====== Source information ======

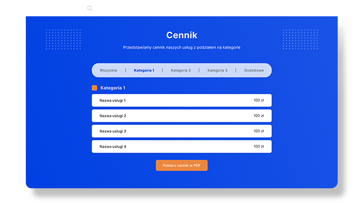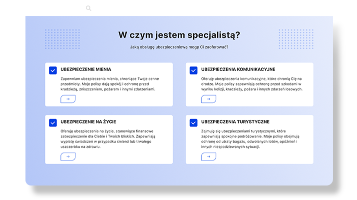 Krótkie i przejrzyste przedstawienie zakresu Twoich usług lub specjalizacji. Wyróżnij usługi, ,które chcesz przedstawić swoim klientom
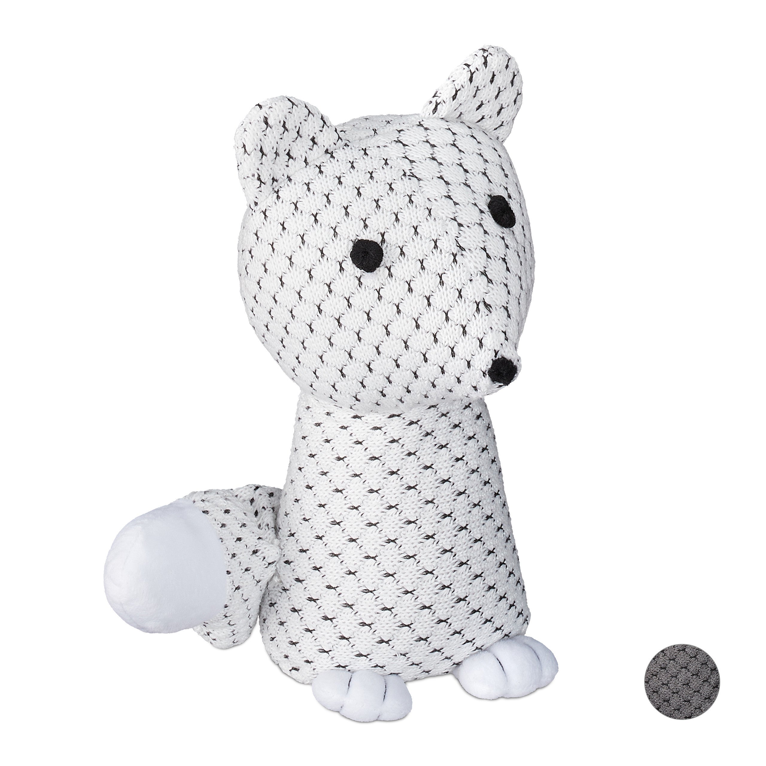 Relaxdays Gatto Fermaporta, In Stoffa Morbida, Blocca Porta Da Terra, Interno In Sabbia, 22x20x15,5 Cm, Bianco Marrone
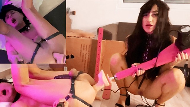 Female domination over moaning femboy, big dildo in opening gape asshole, fast sex machine, bdsm - xCavy
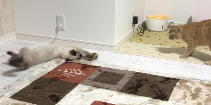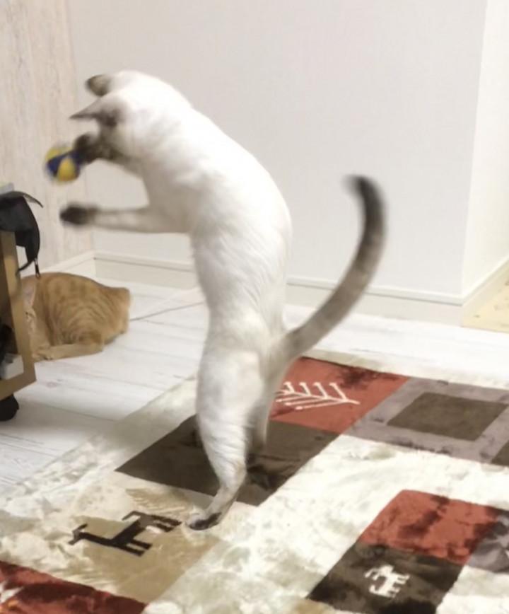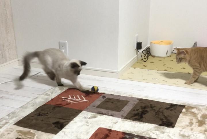 手で弾いて、それをまた追い掛ける遊びを繰り返しています
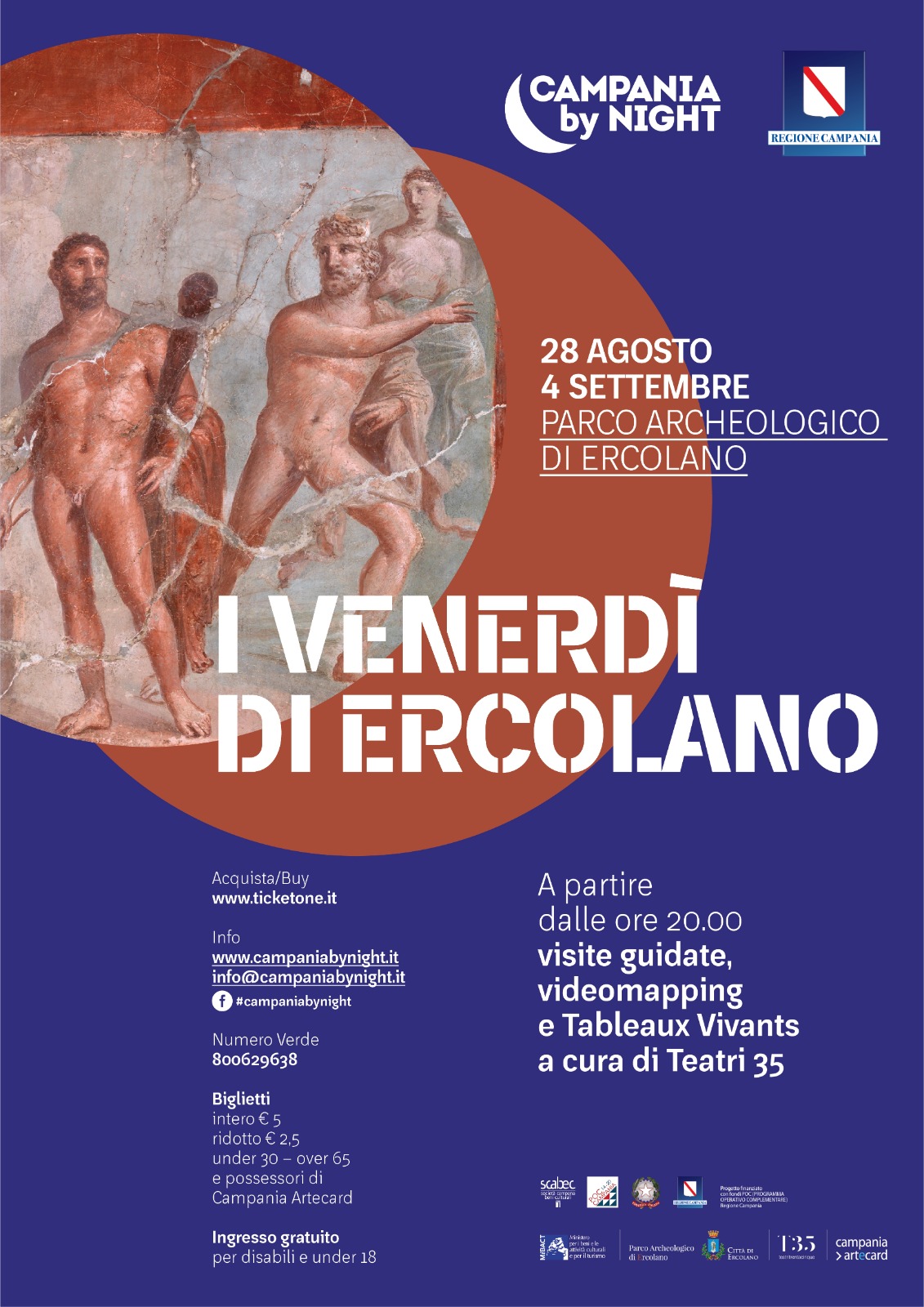 Sebbene le problematiche legate all’emergenza sanitaria per la pandemia COVID 19 non abbiano consentito di pianificare un calendario analogo a quello delle passate stagioni estive, riparte anche l’offerta serale del Parco Archeologico di Ercolano con “I Venerdì di Ercolano”, prevista nel Piano di Valorizzazione 2020 con due serate del programma Campania by night: 28 agosto e 4 settembre, realizzate dalla SCABEC Regione Campania in collaborazione con il MIBACT, il Parco Archeologico di Ercolano e il Comune di Ercolano, con percorsi accompagnati al sito, arricchiti di proiezioni di luci e riproposizioni in videomapping di alcuni dei capolavori di pittura e scultura provenienti da Ercolano a partire dagli scavi borbonici. Suggestivi “Tableaux Vivants”, a cura di Teatri 35, valorizzeranno questo percorso tra gli incanti della città antica.
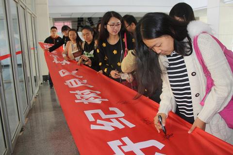 为了调动师生参与热情,在1023日,我院组织了签名活动,每位同学都郑重地签下了自己的名字,作出了自己的承诺:安全从我做起,从身边做起。同时,在学院楼悬挂文明守纪树良风,安全教育我先行条幅,进行宣传。

======

- Work task -
Output each entry exactly. Skip the pictures.

- Written answer -
 Krótkie i przejrzyste przedstawienie zakresu Twoich usług lub specjalizacji. Wyróżnij usługi, ,które chcesz przedstawić swoim klientom
 Relaxdays Gatto Fermaporta, In Stoffa Morbida, Blocca Porta Da Terra, Interno In Sabbia, 22x20x15,5 Cm, Bianco Marrone
 Female domination over moaning femboy, big dildo in opening gape asshole, fast sex machine, bdsm - xCavy
 手で弾いて、それをまた追い掛ける遊びを繰り返しています
 Sebbene le problematiche legate all’emergenza sanitaria per la pandemia COVID 19 non abbiano consentito di pianificare un calendario analogo a quello delle passate stagioni estive, riparte anche l’offerta serale del Parco Archeologico di Ercolano con “I Venerdì di Ercolano”, prevista nel Piano di Valorizzazione 2020 con due serate del programma Campania by night: 28 agosto e 4 settembre, realizzate dalla SCABEC Regione Campania in collaborazione con il MIBACT, il Parco Archeologico di Ercolano e il Comune di Ercolano, con percorsi accompagnati al sito, arricchiti di proiezioni di luci e riproposizioni in videomapping di alcuni dei capolavori di pittura e scultura provenienti da Ercolano a partire dagli scavi borbonici. Suggestivi “Tableaux Vivants”, a cura di Teatri 35, valorizzeranno questo percorso tra gli incanti della città antica.
 为了调动师生参与热情,在1023日,我院组织了签名活动,每位同学都郑重地签下了自己的名字,作出了自己的承诺:安全从我做起,从身边做起。同时,在学院楼悬挂文明守纪树良风,安全教育我先行条幅,进行宣传。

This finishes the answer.